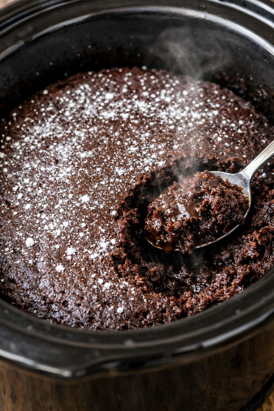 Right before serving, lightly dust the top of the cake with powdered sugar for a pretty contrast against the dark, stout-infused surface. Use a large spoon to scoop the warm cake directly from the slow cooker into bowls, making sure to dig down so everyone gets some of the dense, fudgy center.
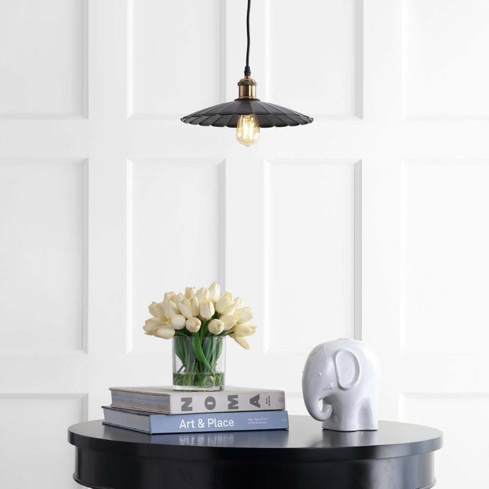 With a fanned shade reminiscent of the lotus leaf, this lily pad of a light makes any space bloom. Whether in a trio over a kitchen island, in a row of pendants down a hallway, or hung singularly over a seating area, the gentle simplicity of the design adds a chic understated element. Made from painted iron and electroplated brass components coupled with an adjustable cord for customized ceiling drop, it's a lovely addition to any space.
--
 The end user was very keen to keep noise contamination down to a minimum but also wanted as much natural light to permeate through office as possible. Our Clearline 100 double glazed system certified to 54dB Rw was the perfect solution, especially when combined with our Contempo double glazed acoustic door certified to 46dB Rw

**Problem requirements:** Because only one stretch of the records is wanted, please output the lines from the one holding "Right before serving, lightly" through the one holding "With a fanned" exactly, both included, and leave every picture out.

**Result of this exercise:**
 Right before serving, lightly dust the top of the cake with powdered sugar for a pretty contrast against the dark, stout-infused surface. Use a large spoon to scoop the warm cake directly from the slow cooker into bowls, making sure to dig down so everyone gets some of the dense, fudgy center.
 With a fanned shade reminiscent of the lotus leaf, this lily pad of a light makes any space bloom. Whether in a trio over a kitchen island, in a row of pendants down a hallway, or hung singularly over a seating area, the gentle simplicity of the design adds a chic understated element. Made from painted iron and electroplated brass components coupled with an adjustable cord for customized ceiling drop, it's a lovely addition to any space.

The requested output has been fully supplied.